The invention relates generally to methods and an apparatus for identifying regions in images, and more particularly to methods and apparatus for labeling anatomical structures in medical images.
In many imaging applications, specifically medical imaging applications, the images are often analyzed to identify various anatomical structures such as organs, lesions, etc. For example, a chest X-ray radiograph or a computed tomography (CT) image can be employed to facilitate the detection of lung cancer. Specifically, CT images advantageously provide a description of anatomy in great detail and consequently is being increasingly are used for detecting and following the evolution of lesions that may lead to potential cancers.
For example, for the detection of lung and colon cancer, radiologists search for the presence of nodules and polyps in the lung and colon using advanced lung analysis (ALA) and computed tomographic colonography (CTC) techniques. Radiologists detect nodules in the lung by viewing axial slices of the chest. However, CT systems generally provide several images for a single CT scan. Consequently, a considerable amount of information is presented to the radiologist for use in interpreting the images and detecting suspect regions that may indicate disease. The considerable amount of data associated with a single CT scan presents a time-consuming process to the radiologist. Furthermore, this substantial amount of data may disadvantageously lead to missed cancer detection, as it is difficult to identify a suspicious area in an extensive amount of data. In addition, the sheer size of the CT volumes results in significant variability in radiological readings and clinically important nodules are missed.
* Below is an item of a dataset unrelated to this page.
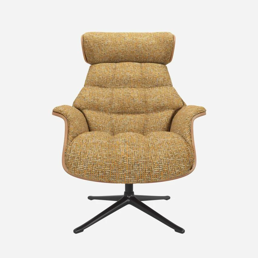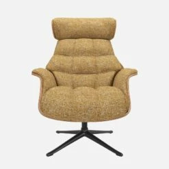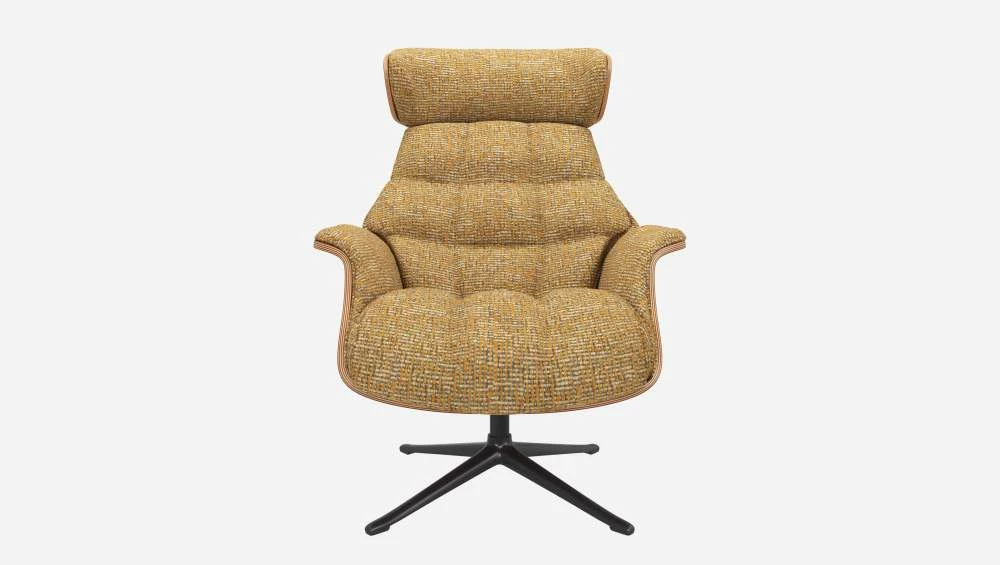 Le fauteuil Marc en noyer et tissu Alba jaune soleil avec pied noir offre un confort ultime, grâce à son dossier inclinable et à sa têtière ajustable en hauteur.

Techniques variously described as computer aided detection, or computer assisted detection or computer assisted diagnosis, and often referred to by the acronym “CAD” have emerged as a viable approach for aiding the radiologists in the detection of lung nodules in chest radiographs and thoracic CT scans, as well as for detecting and diagnosing other anatomies and disease states.
Several CAD techniques have been developed to highlight the anatomical structures present in various regions in the image. In one specific technique, the regions are identified and labeled according to the local shape of their surrounding structures. In one more specific technique used to identify lung cancer, an Eigen analysis of a Hessian matrix is used as a tool to classify voxels as belonging to a vessel or a nodule. However, such techniques consider a very small neighborhood of each voxel needed to compute image derivatives and thus are not very robust and/or accurate in identifying the structures.
It may therefore be desirable to develop a robust technique and system for processing image data that advantageously facilitates substantially superior initial shape-based identification of regions in an image that can be consequently used for the analysis of the object being examined.